The weirdest result for me so far is that, if you keep sampling the "most likely" mutations at randomly sampled indices, you eventually end up with sequences that look very non-natural (many repetitions and only a small fraction of aa_types used). So this whole idea of sequence enrichment using Language Models (video) (code) is not really working with this model it seems...

there seems to be two separate concerns mixed in here. would be better to have separate issue threads

for @avilella : yes there are many occurrences where different models may not have correlated likelihoods. from a practical perspective, that's not necessarily bad. this may actually result in larger performance gains when ensembling. if you want the very best results, try ensembling ProGen2 with any of the following (EVE, ESM-1v, Transception)

for @aiXander , are you using the latest codebase? there was a critical bug in the codebase for the first couple of days after release. it caused a lot of issues

what sampling technique are you using? i'd use a simple MCMC based approach as a strong baseline where the acceptance/rejection is determined by ProGen2. You can find a simple algorithm in our Genhance paper or the Biswas et al Low-N protein engineering paper

if you still are getting odd behavior, create a new issue with the WT and your process and we can try to debug what's going on...

This example script shows the explained behavior (just put in base progen dir and run from terminal):

start from a random init seq and then:

• sample a random residue index
• evaluate the likelihood of all 20 point mutations at that location
• sample a single mutation using the normalized likelihoods as probabilities
• repeat

For random init seqs this leads to quickly degrading sequence patterns, but for natural sequences it seems to be more stable. So I'm wodering if this is maybe showing that Progen cannot generalize it's likelihood scores to truly de-novo sequences...
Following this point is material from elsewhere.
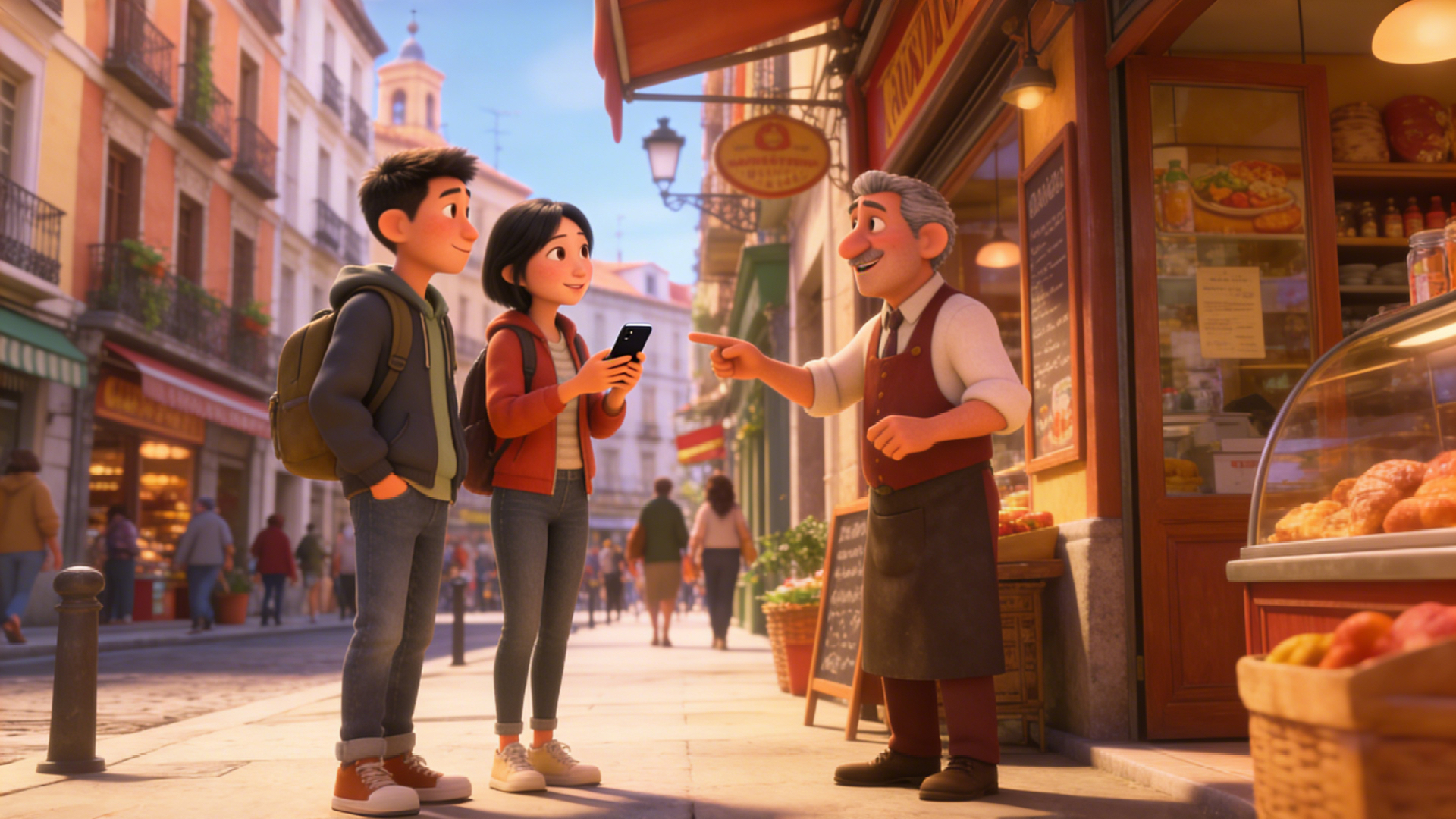 The sun was shining all over the old streets of Madrid. In front of the bakery on the street, a female Chinese tourist and a boy wearing a gray hoodie walked towards the shop assistant, both of them smiling politely. Female tourist (speaks slowly, with a bad accent, in Spanish): Disculpe, ¿dónde está la plaza mayor? The white-haired Spanish clerk (pointing sideways, speaking briskly, in Spanish): Por allí, a dos calles. Muy cerca. The female tourists nodded in thanks, and the male tourists nodded in agreement (Spanish): Muchas gracias. The clerk smiled and nodded in response, and the two turned and walked in the direction indicated.

Thanks @a-mad , can you point me to the repos/colabs for EVE and Transception? I'll add them to the mix to see how much they correlate to Progen2 and ESM-1v.

I was naively expecting that the definition of ESM-1v's llh "we find that [...] sequence log-likelihoods from GVP-GNN are effective zero-shot predictors of stability changes of protein complexes even without predicted structures as training data" was going to be similar in Progen2's case, i.e. that it would be a "predictors of stability" for the protein.